# Visual Basic 2010 Informationen aus ini-Datei



## Black-Stallion (25. September 2012)

Guten Abend liebes Forum,
Ich weiß gerade nicht, ob ich hier richtig bin. Wenn nicht bitte verschieben 

Bei mir ist es nun schon einige Zeit her, dass ich mit Visual Basic programmiert, bzw. gearbeitet habe. Insgesamt 1,5 Jahre oder noch mehr... naja wie dem auch sei. Habe heute VB 2010 installiert und direkt angefangen zu programmieren. Das Meiste kann ich noch; nur bei einem hakt es. 
Ich möchte die Einstellungen des Programmes als *ini-Datei speichern. Die Informationen sollen E-mail-Adresse, Passwort und Name sein. Soweit so gut.

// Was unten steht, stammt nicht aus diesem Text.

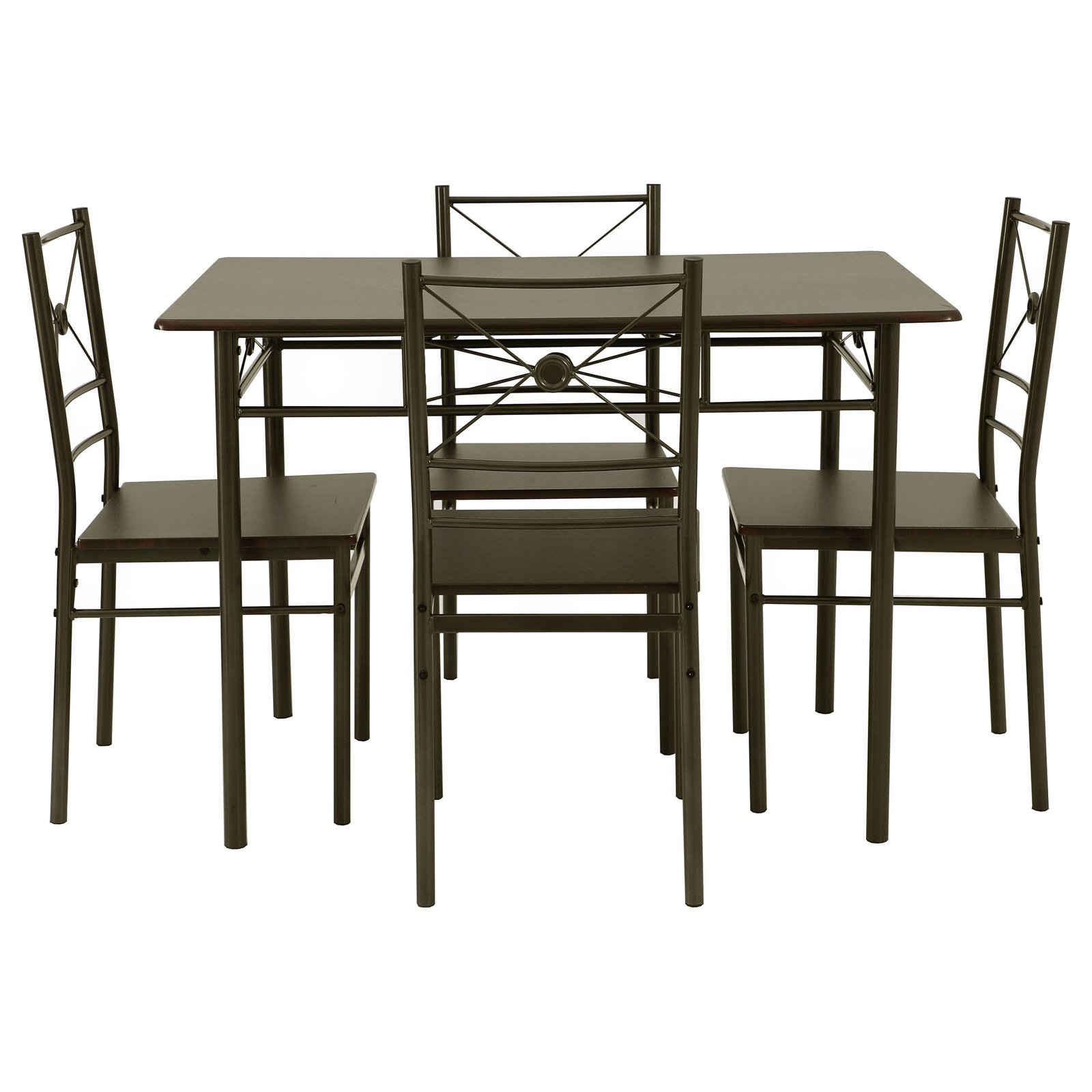 Bring style and practicality to your kitchen or breakfast nook with this elegant five-piece dinette set. Seating four, it features a rich dark bronze finish accented by a striking crisscross design and decorative circular details. Vinyl-topped table and chair surfaces make cleaning effortless, while a sturdy metal tubing frame ensures lasting durability. Perfect for quick meals or relaxed family dining, this set combines contemporary flair with everyday functionality.
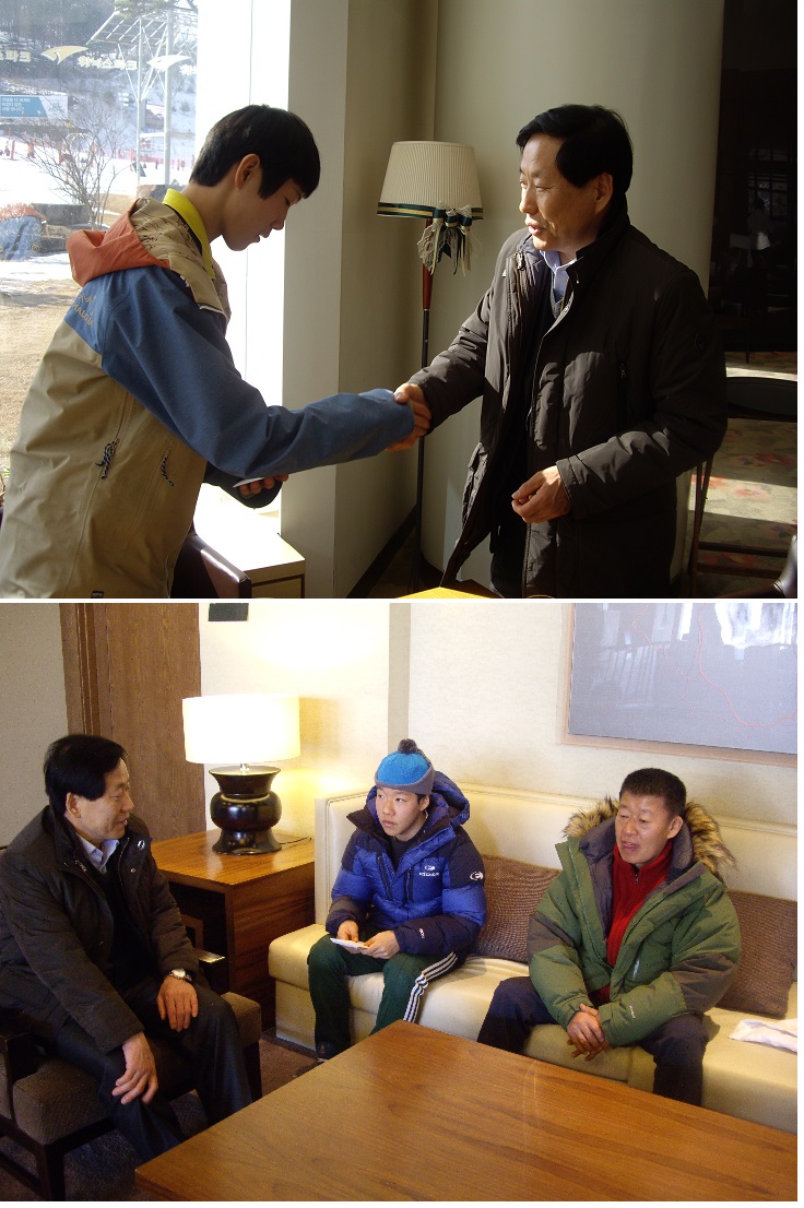 함석근 재단 상임이사는 제96회 전국동계체육대회 강원도대표로 출전하는 미래인재들의 선전을 독려하기 위해 2015. 2. 24(화) 훈련장을 방문하여 격려금 30만원을 전달하고 격려하였다.
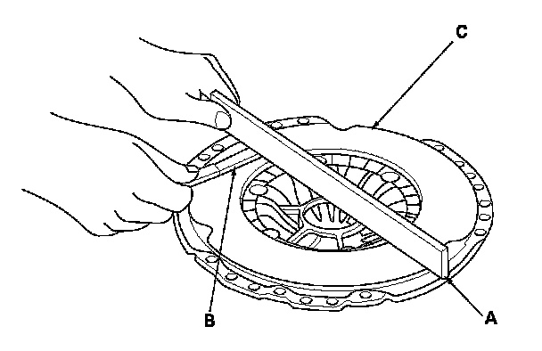 10. Inspect for warpage using a straight edge (A) and a feeler gauge (B). Measure across the pressure plate (C). If the any measured point is more than the service limit, replace the pressure plate and clutch disc as a set.
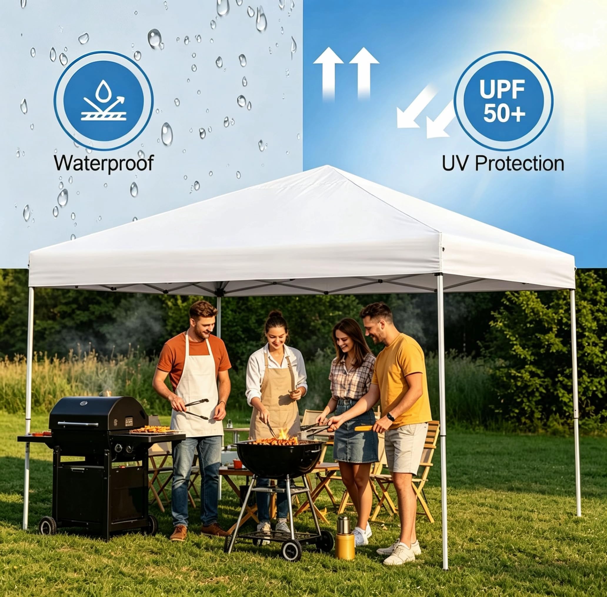 - Waterproof and UV Resistant: The 210D oxford fabric canopy top is water resistant and offers UV protection and avoid discomfort from the sun. High grade corrosion resistant steel truss support frame and straight legs built to long can handle wind, rain and sun
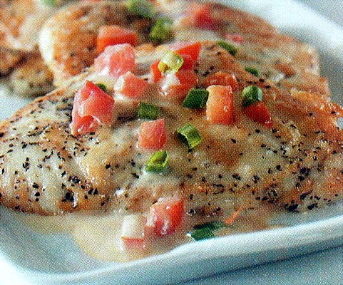Finish sauce with tomatoes and cream. Heat through, then pour over the cutlets.
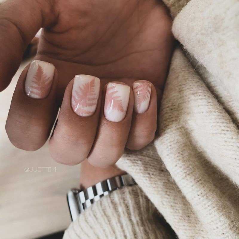 Оптимальный вариант — молочной база и чуть-чуть акварели или небольшой рисунок в минималистичном стиле. Один из трендов этого сезона — флористический дизайн. Просто добавьте нюдовым ноготкам тонкие веточки травы или других растений, и ваш маникюр будет удивительно стильным и заметным.
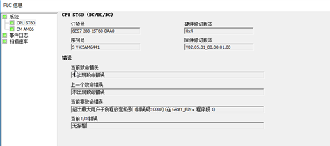 进一步监控PLC信息,可以看到图6的非致命错误报警:超出最大用户子例程嵌套级别(错误码:0008)
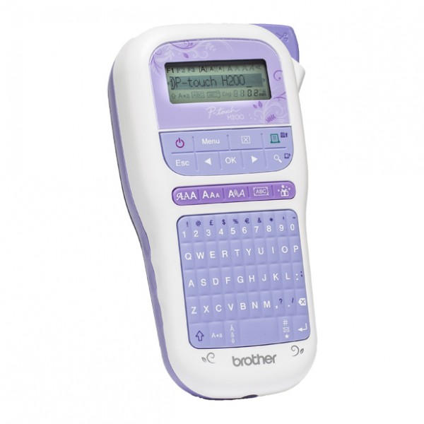 Rotuladora eletrónica de mão com design ergonómico para casa ou para trabalhos manuais com teclado QWERTY. Cor lavanda e branco.
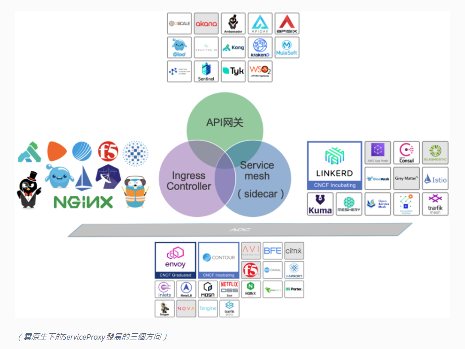 2017年左右,伴隨著雲原生的發展,Service Proxy 開始大量出現。 圍繞 Ingress Controller,Sidecar,API 閘道的產品層出不窮,如Linkerd,Envoy,Gloo,Mosn等等。 從傳統ADC 到如今以服務為中心的現代羽量級解耦式 Service Proxy,技術正在回歸到類似面向 Web 的簡單的負載均衡時代,用戶端負載均衡或服務端負載均衡。
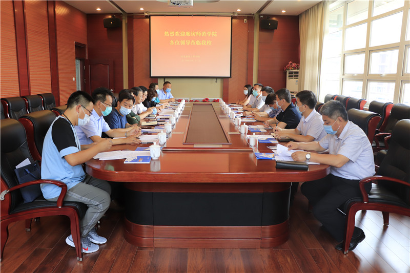 6月22日,廊坊師范學院黨委書記韓同銀,校黨委副書記、校長楊學新,副校長陳忠杰、孫政及辦公室、科研處、國資與后勤處負責人等一行10人來我校考察交流。

Nur ich weiß nicht, wie ich diese Informationen beim Schließen des Programmes als *ini-Datei abspeichere und beim nächsten Start des Programms wieder automatisch lade.
Ich hoffe Ihr könnt mir helfen...
Viele Grüße


----------



## ING (26. September 2012)

Black-Stallion schrieb:


> Ich hoffe Ihr könnt mir helfen...


aber sicher doch...
Let me google that for you


----------



## Black-Stallion (26. September 2012)

Danke für die Antwort.
Ja, schon klar. gegooglt hab ich auch. Aber wo muss ich das einbinden? Auf welcher Form oder unter welchem Menü-punkt? Da ist das Problem. 
Nehmen wir doch mal diese Seite als Beispiel: VB: INI-Dateien lesen und schreiben
Dort steht ich muss erstmal die Api-Funktionen erstmal deklarieren. Hab ich versucht und bekomme die Fehlermeldung "As Any' is not supported in 'Declare' statements." Gut bedeutet, dass ich das 'As if' rauslöschen muss. Dann vermute ich mal werden sich noch mehr Fehler eröffnen bzw. das Programm so wie es soll nicht funktionieren.

EDIT:
Gibt es vielleicht auch eine Möglichkeit über my.settings-objet den wert der Textboxen zu übernehmen und zu speichern?

EDIT2:
Hab herausgefunden wie es geht. Kann geschlossen werden


----------